Сейчас это выражение показалось ему очень забавным.
— Вы улыбнулись, — сказал Блэкуэлл.
— Дефицит серотонина.
— Пища, — сказал Блэкуэлл.
— Да я, в общем-то, и не голодный.
— Нужно подзаправиться углеводами, — сказал Блэкуэлл и встал. Стоя, он занимал поразительно много места.
Лэйни и Ямадзаки тоже встали и последовали за австралийцем. Из тараканьего света в хром и неон каньона Роппонги-дори. В ночной промозглости — вонь тухлой рыбы и лежалых фруктов, чуть смягченная приторной сладостью китайского топливного спирта, выхлопом машин, мчащихся по экспресс-вэю. Однако ровный, привычный голос трафика успокаивал, да Лэйни и просто нравилось быть в вертикальном положении, двигаться.
Если двигаться и двигаться, он, возможно, сумеет проникнуть в смысл Кита Алена Блэкуэлла и Синьи Ямадзаки.

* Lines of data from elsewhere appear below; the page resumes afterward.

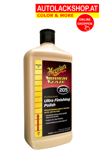 Meguiar's Mirror Glaze 205 Ultra Finishing Polish ist mit der neuen Super-Micro-Abrasive-Technologie ausgestattet und eignet sich optimal als Finishpolitur für die Nacharbeit nach der Anwendung starker Polituren der Mirror Glaze Serie. Natürlich ist die Politur auch als "Stand-alone" Produkt gegen leichtere Kratzer und Swirls einsetzbar. Das Produkt kann sowohl per Hand, Rotation- und Excenterpolierer angewendet werden kann. Die spezielle Zusammensetzung sorgt für ein staubfreies, sauberes Arbeiten und ein kinderleichtes Auspolieren. Es bleibt ein wunderbarer, kratz- und schlierenfreier Hochglanz - die perfekte Vorarbeit für das finale Wachs. Die 205 Ultra Finishing Politur ist silikonfrei.
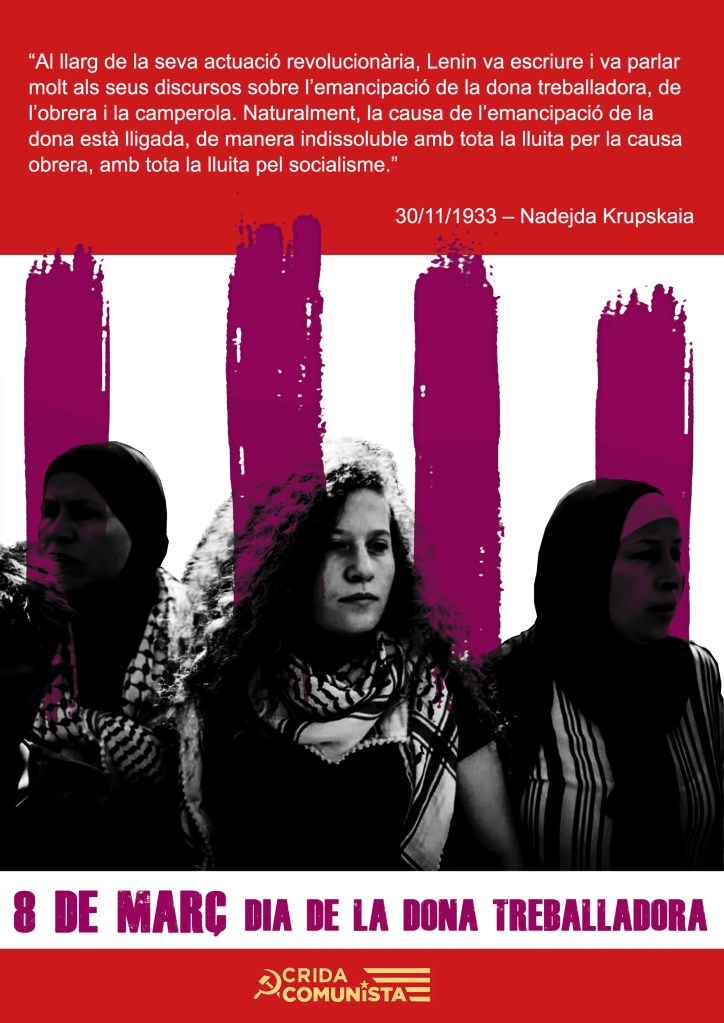 El 8 de MARÇ és una jornada de caràcter internacional per a les treballadores. En l’actualitat ens trobem sota el foc de la guerra i la barbàrie capitalista. A Palestina i a l’anomenat Orient Mitjà s’està massacrant en nom de la llibertat i la democràcia d’Occident. Milers de dones i nens són assassinats diàriament, i milers més han estat ferits de gravetat. A Gaza, el genocidi no sols és contra els vius, sinó que es perpetua contra les futures generacions.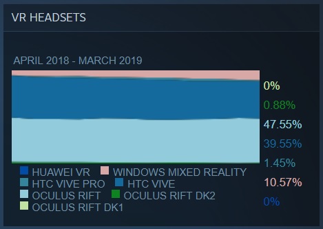 This is likely one of if not the last time we’ll see the Steam Hardware Survey in its current form. Back at GDC in March, Oculus announced the Rift S, which is due to launch this spring. It could be arriving anywhere from in a few weeks to a few months. Last week Valve also announced its Index VR headset, which a leak told us will ship in June.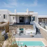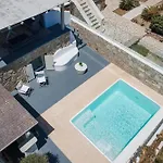 Mykonian Hills Villa tilbyder en indkvartering inden for 20 minutter i bil fra Mykonos lufthavn. Boligen har 4 værelser samt et udstyret køkken og 4 badeværelser.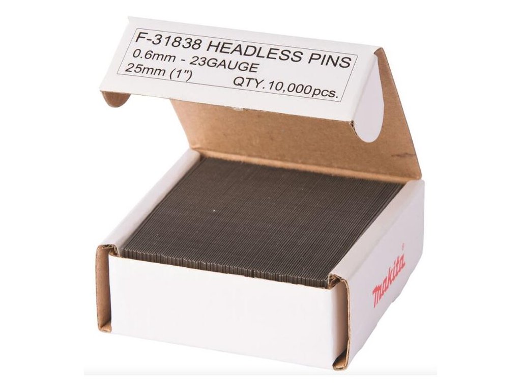 Makita F-31838 je balenie klincov typu Pinky s rozmermi 0.6 mm x 25 mm. Tieto klince sú špeciálne navrhnuté pre presné nastreľovanie do dokončovacích materiálov a líšt pomocou Makita klincovačiek. Balenie obsahuje veľké množstvo 10 000 ks.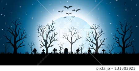 Halloween night background with cemetery, bats and full moon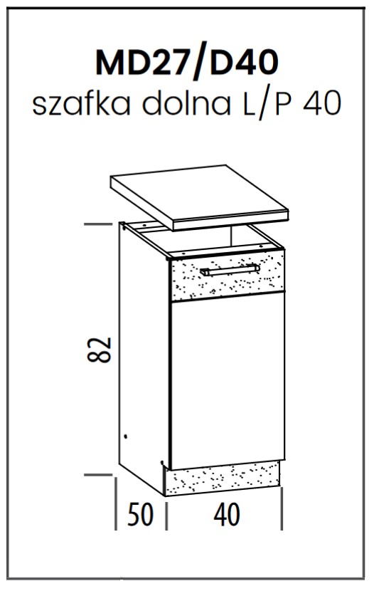 Rozměry skříňky (V x Š x H): 82 x 40 x 50 cm. Spodní skříňka s dvířky (pravé nebo levé provedení) a jednou zásuvkou o šířce 40 cm, je vyrobena z kvalitní LTD. Korpus RIJEKA SVĚTLÁ – lamino 16 mm. Spodní skříňky jsou vysoké 82 cm i s pevným soklem (10 cm). Úchytky jsou plastové v odstínu kovu. Kovové pojezdy METABOX v zásuvkách, regulovatelné ve třech úrovních. Horní skříňky otvíráme pomocí plynových pístů. Všechny díly kuchyňské linky Modena máme skladem v externím skladě. Termín dodání 2 - 3 týdny od objednání.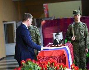 Церемония прощания, траурный митинг и гражданская панихида прошли в Черногорске, в ДК «Луначарский». Проводить героя в последний путь собрались его родные, близкие, коллеги, неравнодушные жители республики.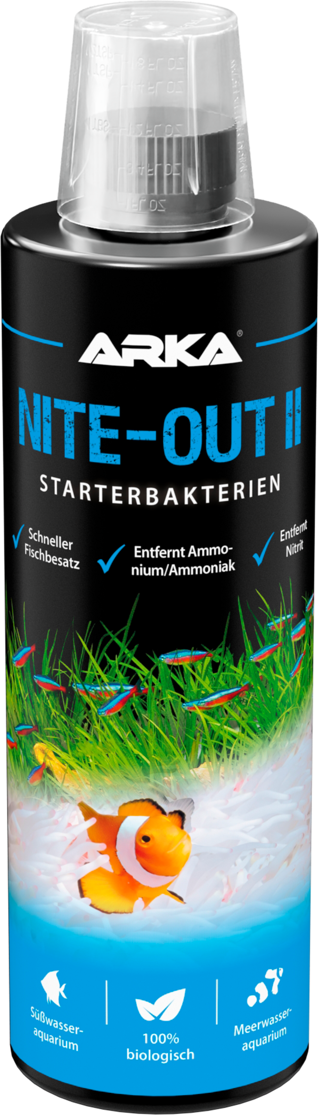 Nite-Out II je ideální pro založení akvária, při výměně vody a pro další údržbu. Obsahuje vysoce koncentrovanou bakteriální směs, která spolehlivě rozkládá amoniak a dusitany a výrazně snižuje tzv. Nitritpeak.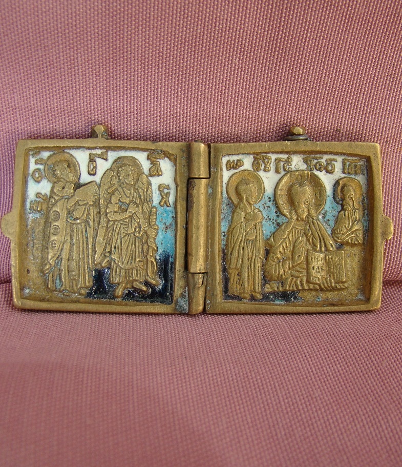 Diptychon mit der Deesis und Heiligen.Mehrfarbiges Email.19.Jahrhundert.Aufgeklappt 3,3x7cm.Selten!

Блэкуэлл вел их пешеходным мостиком. Рука Лэйни, скользившая по металлическим перилам, споткнулась о небольшую неровность. Он повернул голову и встретился взглядом с голой, обворожительно улыбающейся девушкой. Маленький, с ладонь размером, голографический стикер, а неровность — какая-то складка, плохо наклеили. Угол зрения чуть изменился, и девушка указала на телефонный номер, горевший над ее головой. Весь, из конца в конец, парапет заклеен подобными рекламками, а немногие аккуратные бреши — это кто-то отодрал понравившуюся голограмму для своих личных нужд.
Мостик закончился, пешеходы на тротуаре расступились перед громадой Блэкуэлла, как прогулочные лодки перед океанским лайнером.
— Углеводы, — бросил австралиец через горный кряж своего плеча и свернул в проулок.
В тесную, многоцветно освещенную утробу, мимо круглосуточной ветеринарной клиники. За витринным стеклом два человека в белых халатах, хирурги, оперируют… кошку? Наверное, кошку. У витрины собралась небольшая кучка скучающих зевак.
Блэкуэлл боком протиснулся в яркую пещеру. Массивная, из искусственного гранита стойка, пар над варочным автоматом.
Когда подошли Лэйни и Ямадзаки, раздатчик уже раскладывал по мискам порции ароматной, жирно поблескивающей коричневой лапши.
Лэйни смотрел на Блэкуэлла. Блэкуэлл поднес миску ко рту и разом — вдохнул, что ли? — все содержимое, перерубив приставшие ко дну лапшинки одним точным движением пластиковых зубов. Мускулы на его шее мощно заходили.
Лэйни смотрел.
Блэкуэлл вытер рот тыльной стороной огромной ладони, розовым лабиринтом шрамов. Отрыгнул.
— Дай-ка нам один из этих детских рожков «сухого»…
Один глоток, и он рассеянно, словно бумажный стаканчик, раздавил пустую стальную банку. Постучал миской, привлекая внимание раздатчика.
— То же самое.
Лэйни почувствовал острый голод (из-за этой малоаппетитной сцены? Несмотря на нее?) и занялся своей собственной миской, саргассовой путаницей лапши, украшенной сверху розовыми (краска?), бумажно тонкими ломтиками мяса.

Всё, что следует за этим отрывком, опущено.